1 Credo di poter dire che ognuno di noi ha dei principi teorici e clinici che ritiene irrinunciabili. O almeno molto importanti per orientarsi ed effettuare il lavoro clinico. Quali sono i tuoi?

Il nostro approccio CBT si può definire traslazionale. Alla pari della “medicina traslazionale”, si applica il portato della ricerca sperimentale in psicoterapia e psicopatologia ai problemi del paziente. Per fare questo, ovviamente, si ha bisogno di un quadro di riferimento generale, per la selezione delle ricerche.

Il determinismo reciproco di A. Bandura e M. Mahoney è questo quadro di riferimento entro il quale principi e teorie del cambiamento possono essere inquadrati ed acquistano senso come regioni teoriche, o ambiti di applicabilità.
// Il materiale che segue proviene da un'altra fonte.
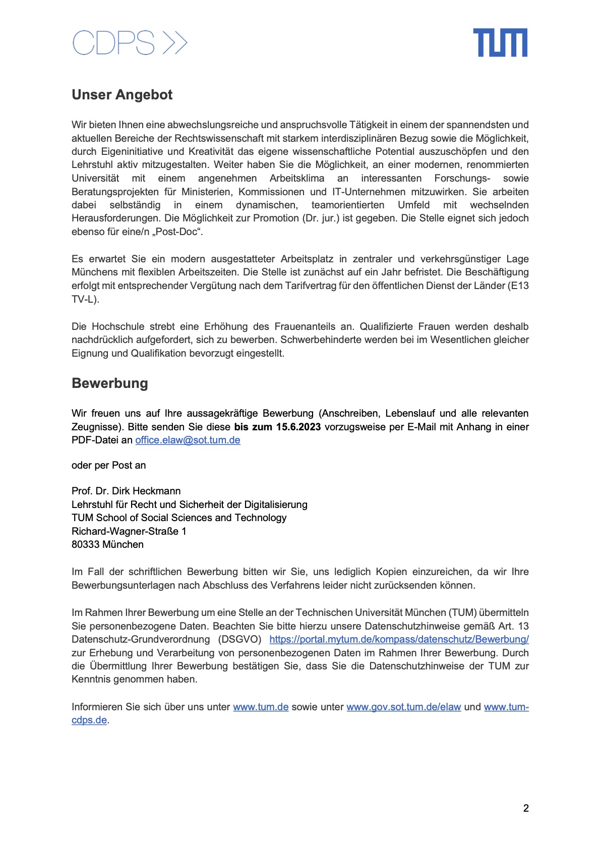 Wissenschaftliche*r Mitarbeiter*in (/m/w/d) am Lehrstuhl für Recht und Sicherheit der Digitalisierung (TUM) gesucht

Questo è per noi (fondatori del CRP) il “planisfero” delle teorie che qualunque “cittadino del mondo” psicologico farebbe bene a conoscere. Sono profondamente convinto infatti che non vi sia alcuna teoria che possa spiegare l’intero comportamento umano, che si presenta sempre come un fenomeno multideterminato. Tuttavia, ogni teoria, se scientifica, dovrebbe essere compatibile con quelle limitrofe, così come ogni regione geografica con quelle vicine.

Il determinismo reciproco comporta inevitabilmente una visione sistemica, in cui si riconosce al soggetto, quale livello di analisi ed intervento, una dotazione biologica ed una collocazione all’interno di contesti ambientali suoi propri, livelli questi intesi anch’essi come ambiti di analisi ed intervento, a loro volta scomponibili nei loro sottosistemi; le variabili soggettive interagiscono con le variabili pertinenti a tali livelli mediante il comportamento osservabile, comprese le reazioni emozionali. Quindi, comportamenti, stati e reazioni somato-emotive, eventi e condizioni esterne, nonché contenuti e processi cognitivi sono in interazione, modificando continuamente il sistema mente-cervello-corpo-ambiente. Il comportamento si presenta come un’interfaccia tra l’ambiente (immediato e remoto, prossimale e distale, sociale e non) e l’individuo; tuttavia, interagendo con l’ambiente, l’individuo la fa “proprio”. Bisogna quindi accettare che il soggetto (o se si vuole il “Sé”) sia un’entità dai confini continuamente variabili e sfumati, particolarmente in una società “liquida” come la nostra, anche se può mostrare alcune caratteristiche emergenti (come ad es. tratti di personalità o disturbi psichici), che inducono a pensare alla sua continuità nel tempo.

Attraverso le interazioni con i suoi contesti ed i suoi sistemi cognitivo ed emotivo l’individuo risponde alle esigenze che sia le variabili alfa (ambientali) che beta (biologiche) gli pongono in ogni momento della vita. Il sistema cognitivo (variabili gamma) elabora soluzioni (coping), o le assimila dagli altri (modeling), e re- gistra la memoria di successi e fallimenti di tali interazioni (rinforzi o punizioni). E’ ciò che viene chiamato apprendimento, se riguarda comportamenti complessi, o condizionamento se riguarda comportamenti più semplici.1 Il sistema cognitivo ha quindi la funzione primaria di elaborare un’attività (comportamento), più o meno competente (abilità) che gli consenta di risolvere problemi ed esigenze poste dagli altri due livelli alfa e beta, realizzando così l’adattamento personale mediante il repertorio sviluppato. Tale apprendimen- to avviene ed è descrivibile attraverso “schemi condizionali” (es.: “SE il problema è X, ALLORA la soluzione è Y”, oppure “SE lo può fare lui, ALLORA lo posso fare anch’io”, etc.) e può anche essere molto creativo.

E’ un obiettivo clinico, quindi, quello di esaminare come il paziente abbia acquisito (appreso) la sua psicopatologia, ovvero le sue disfunzioni, chiedendosi: a quali stress non era preparato? E quali fattori cognitivi, emotivi o contingenze ambientali (che possono essere diversi da quelli originari) la mantengono? Si assume quindi che i meccanismi che l’hanno mediata possano essere molteplici, ma riguardino comunque i rapporti tra i quattro ambiti menzionati (cognitivo-emotivo-comportamentale-ambientale).

2 Secondo te, come si traducono questi principi nel tuo lavoro con il paziente?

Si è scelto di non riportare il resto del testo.